-- Exercise requirements --
Each entry below is to be written out exactly, and the pictures are to be left out.
^^^^^^^^^^^^^^^^
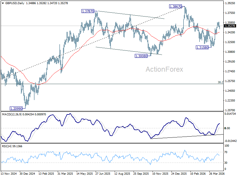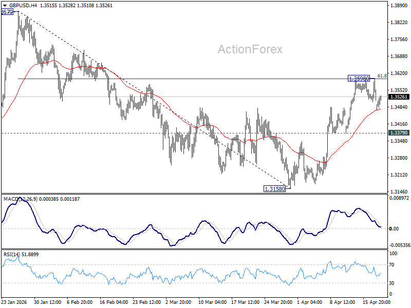 GBP/USD is still extending consolidations below 1.3598 and intraday bias remains neutral. Further rise is in favor as long as 1.3379 support holds. Sustained break of 61.8% retracement of 1.3867 to 1.3158 at 1.3596 will pave the way to retest 1.3867 high. However, firm break of 1.3379 will bring deeper fall back to 1.3158 low instead.
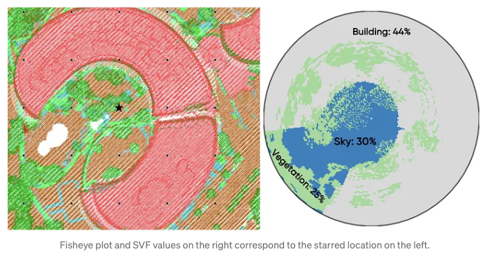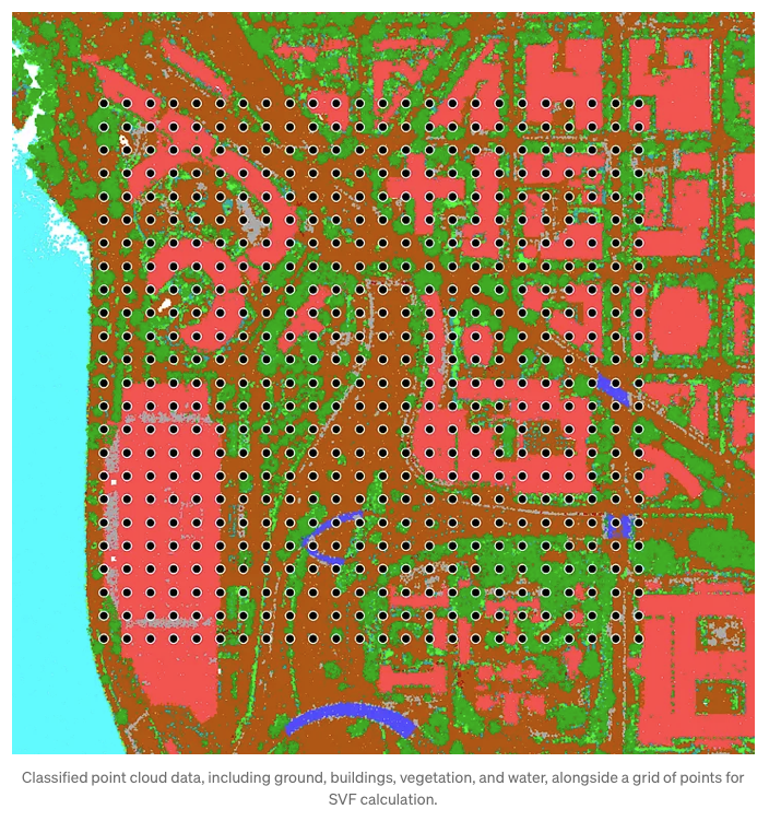 Measuring SVF takes more than just a weather app or a quick satellite snapshot, you need a detailed, 3D, street-level view of the city. That’s where LiDAR point cloud data shines, capturing billions of laser-scanned points from every rooftop, treetop, street, and sidewalk. This treasure trove of 3D data lets us model the urban canopy, the intricate layer of buildings and greenery that controls how sunlight and air flow through the cityscape. From this, we can calculate SVF and generate cool fisheye plots that show exactly how much sky you’d see lying anywhere on the ground.
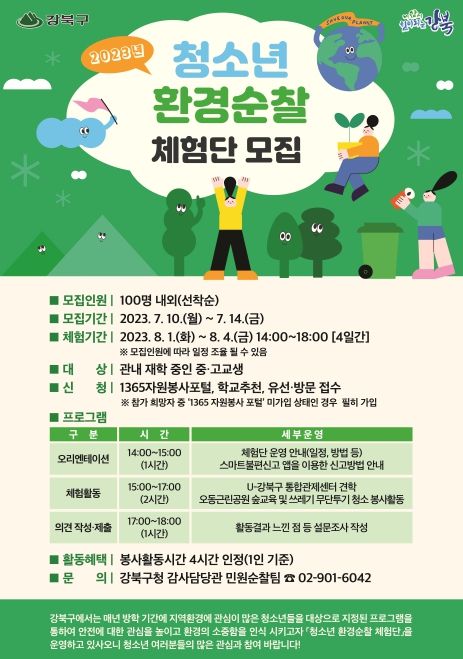 구는 체험단에 참여할 청소년 100명을 21일(금)까지 선착순으로 모집하고 있다. 지원 희망자는 1365자원봉사 홈페이지 또는 강북구 감사담당관로 방문하거나 유선으로 신청하면 된다. 환경순찰 체험은 8월 1일~4일 중 하루만 신청할 수 있다.
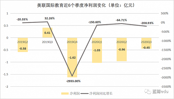亏损情况同样堪忧。目前,美联国际教育已经连续亏损了4个季度。近6个季度,除2019年Q3外,5个季度净利润均为亏损状态。其中2019年Q4净利润亏损达1.62亿元,同比大幅下降近3000%。
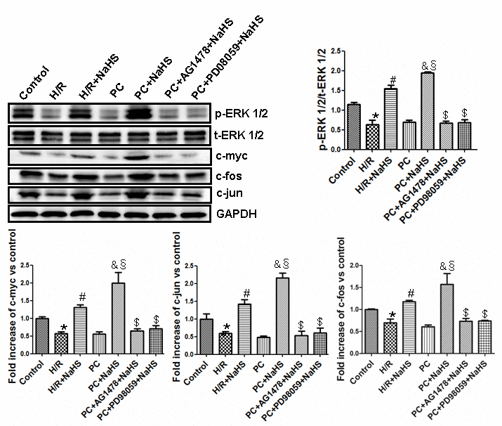 The activity of phosphorylated (phospho)-ERK1/2 and expression of the proto-oncogene transcription factors c-myc, c-fos and c-jun were significantly (p<0.05) lower in aged H9C2 cardiomyocytes exposed to H/R than untreated control cells, and similar suppression was seen the PC group (Figure 5). Addition of NaHS to the H/R-exposed cells significantly (p<0.05) increased phospho-ERK1/2 activity and proto-oncogene expression in both the H/R + NaHS and PC + NaHS groups, but the increases were significantly (p<0.05) greater in the PC + NaHS group. The effects of NaHS were blocked by the ERK1/2 inhibitor PD98059 or the EGFR antagonist AG1478. Although its activity varied, the total amount of ERK1/2 did not differ among the different treatment conditions (Figure 5).
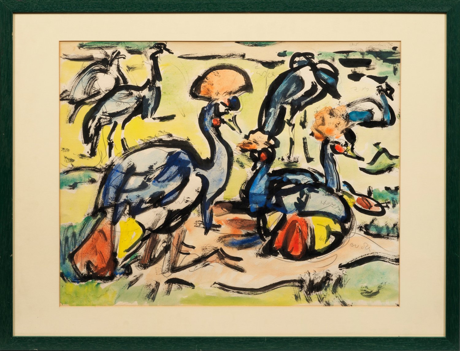 Dynamisch-expressiv komponierte Darstellung zahlreicher Kraniche auf einer Wiese. In Stil und Sujet charakteristisches Blatt Winklers, der zu der zweiten Generation der Expressionisten in Deutschland zählt. Aquarell über Bleistift/Papier. 49,4 cm x 62,5 cm. Rahmen.
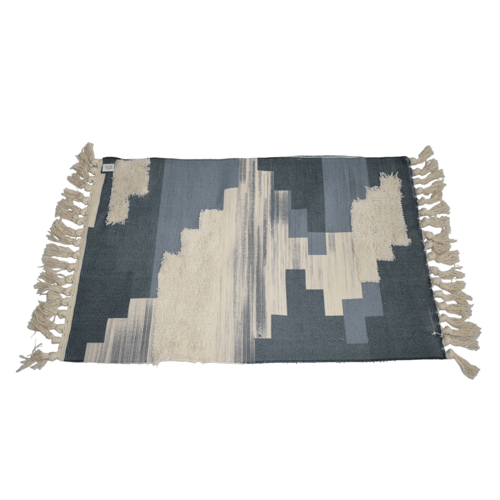 Alfombra Tejida Ondas de Algodón Azul Crema 60 x 90
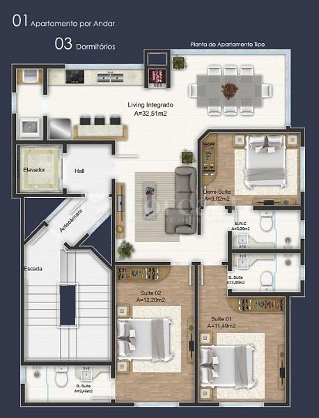 3 dormitórios (3 suítes)
^^^^^^^^^^^^^^^^
-- Problem solution --
 GBP/USD is still extending consolidations below 1.3598 and intraday bias remains neutral. Further rise is in favor as long as 1.3379 support holds. Sustained break of 61.8% retracement of 1.3867 to 1.3158 at 1.3596 will pave the way to retest 1.3867 high. However, firm break of 1.3379 will bring deeper fall back to 1.3158 low instead.
 Measuring SVF takes more than just a weather app or a quick satellite snapshot, you need a detailed, 3D, street-level view of the city. That’s where LiDAR point cloud data shines, capturing billions of laser-scanned points from every rooftop, treetop, street, and sidewalk. This treasure trove of 3D data lets us model the urban canopy, the intricate layer of buildings and greenery that controls how sunlight and air flow through the cityscape. From this, we can calculate SVF and generate cool fisheye plots that show exactly how much sky you’d see lying anywhere on the ground.
 구는 체험단에 참여할 청소년 100명을 21일(금)까지 선착순으로 모집하고 있다. 지원 희망자는 1365자원봉사 홈페이지 또는 강북구 감사담당관로 방문하거나 유선으로 신청하면 된다. 환경순찰 체험은 8월 1일~4일 중 하루만 신청할 수 있다.
亏损情况同样堪忧。目前,美联国际教育已经连续亏损了4个季度。近6个季度,除2019年Q3外,5个季度净利润均为亏损状态。其中2019年Q4净利润亏损达1.62亿元,同比大幅下降近3000%。
 The activity of phosphorylated (phospho)-ERK1/2 and expression of the proto-oncogene transcription factors c-myc, c-fos and c-jun were significantly (p<0.05) lower in aged H9C2 cardiomyocytes exposed to H/R than untreated control cells, and similar suppression was seen the PC group (Figure 5). Addition of NaHS to the H/R-exposed cells significantly (p<0.05) increased phospho-ERK1/2 activity and proto-oncogene expression in both the H/R + NaHS and PC + NaHS groups, but the increases were significantly (p<0.05) greater in the PC + NaHS group. The effects of NaHS were blocked by the ERK1/2 inhibitor PD98059 or the EGFR antagonist AG1478. Although its activity varied, the total amount of ERK1/2 did not differ among the different treatment conditions (Figure 5).
 Dynamisch-expressiv komponierte Darstellung zahlreicher Kraniche auf einer Wiese. In Stil und Sujet charakteristisches Blatt Winklers, der zu der zweiten Generation der Expressionisten in Deutschland zählt. Aquarell über Bleistift/Papier. 49,4 cm x 62,5 cm. Rahmen.
 Alfombra Tejida Ondas de Algodón Azul Crema 60 x 90
 3 dormitórios (3 suítes)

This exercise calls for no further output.